=== WORKING DATA ===
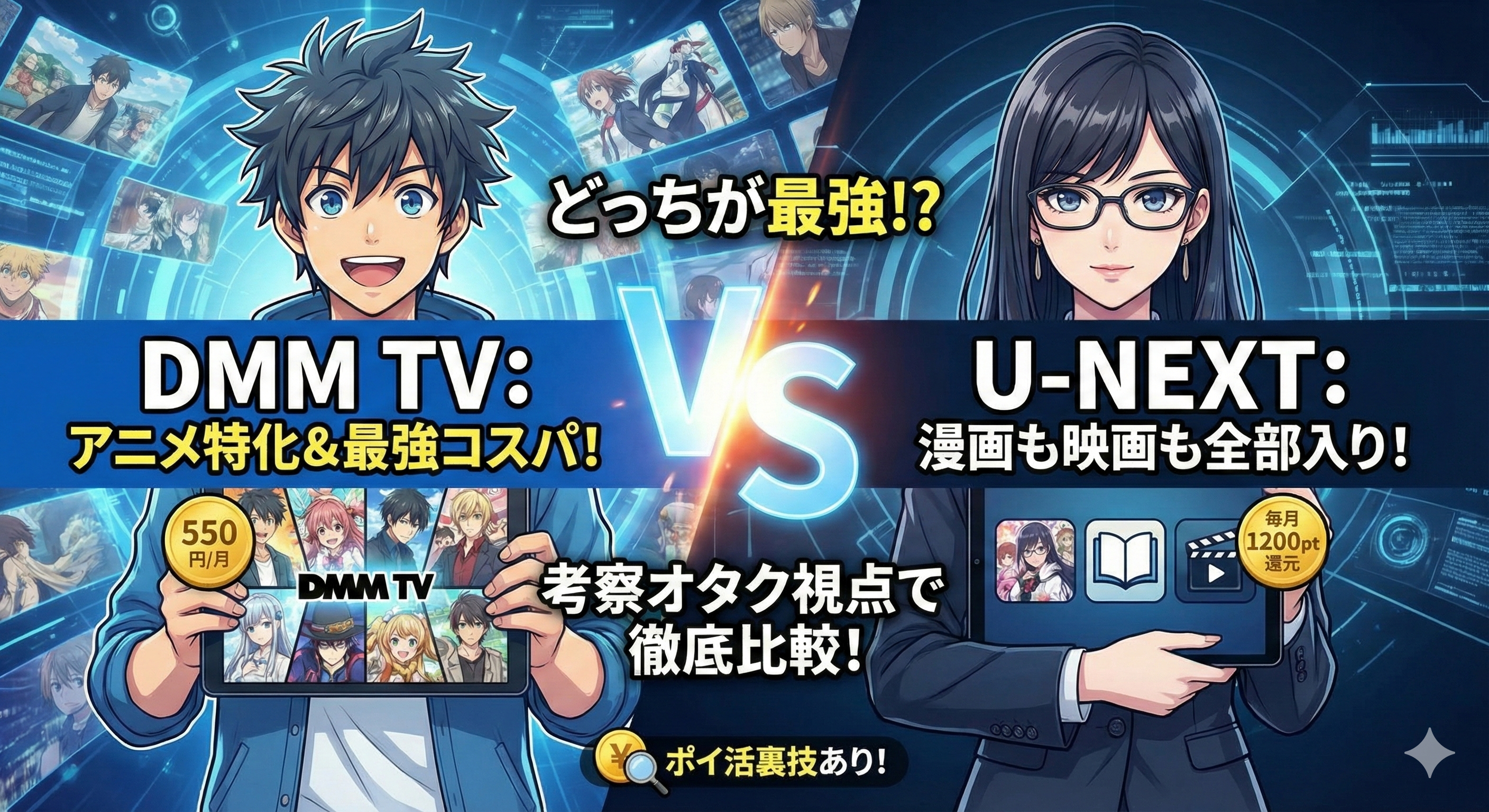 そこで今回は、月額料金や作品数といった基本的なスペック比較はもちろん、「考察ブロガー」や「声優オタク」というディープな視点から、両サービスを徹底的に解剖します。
===
=== WORKING DATA ===
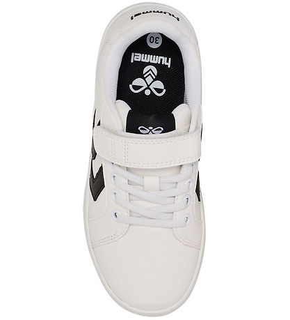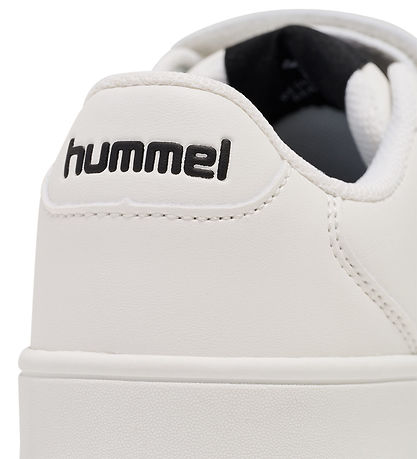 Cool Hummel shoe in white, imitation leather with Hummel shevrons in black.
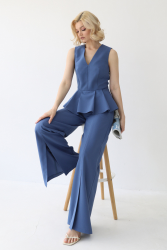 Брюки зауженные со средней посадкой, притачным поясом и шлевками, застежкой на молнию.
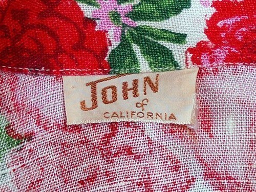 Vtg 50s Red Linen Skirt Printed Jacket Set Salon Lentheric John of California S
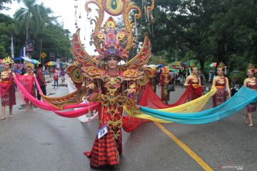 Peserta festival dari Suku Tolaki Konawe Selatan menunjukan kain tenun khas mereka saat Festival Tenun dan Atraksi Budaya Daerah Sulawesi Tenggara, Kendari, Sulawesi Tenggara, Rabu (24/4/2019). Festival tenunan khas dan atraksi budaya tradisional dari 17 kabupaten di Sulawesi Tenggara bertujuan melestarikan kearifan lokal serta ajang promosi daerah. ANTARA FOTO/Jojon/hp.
===
-- YOUR OBJECTIVE --
Print nothing but the lines above starting with the line that contains "Cool Hummel shoe" and going on through the line that contains "Peserta festival dari". Leave out the pictures.

-- TASK ANSWER --
 Cool Hummel shoe in white, imitation leather with Hummel shevrons in black.
 Брюки зауженные со средней посадкой, притачным поясом и шлевками, застежкой на молнию.
 Vtg 50s Red Linen Skirt Printed Jacket Set Salon Lentheric John of California S
 Peserta festival dari Suku Tolaki Konawe Selatan menunjukan kain tenun khas mereka saat Festival Tenun dan Atraksi Budaya Daerah Sulawesi Tenggara, Kendari, Sulawesi Tenggara, Rabu (24/4/2019). Festival tenunan khas dan atraksi budaya tradisional dari 17 kabupaten di Sulawesi Tenggara bertujuan melestarikan kearifan lokal serta ajang promosi daerah. ANTARA FOTO/Jojon/hp.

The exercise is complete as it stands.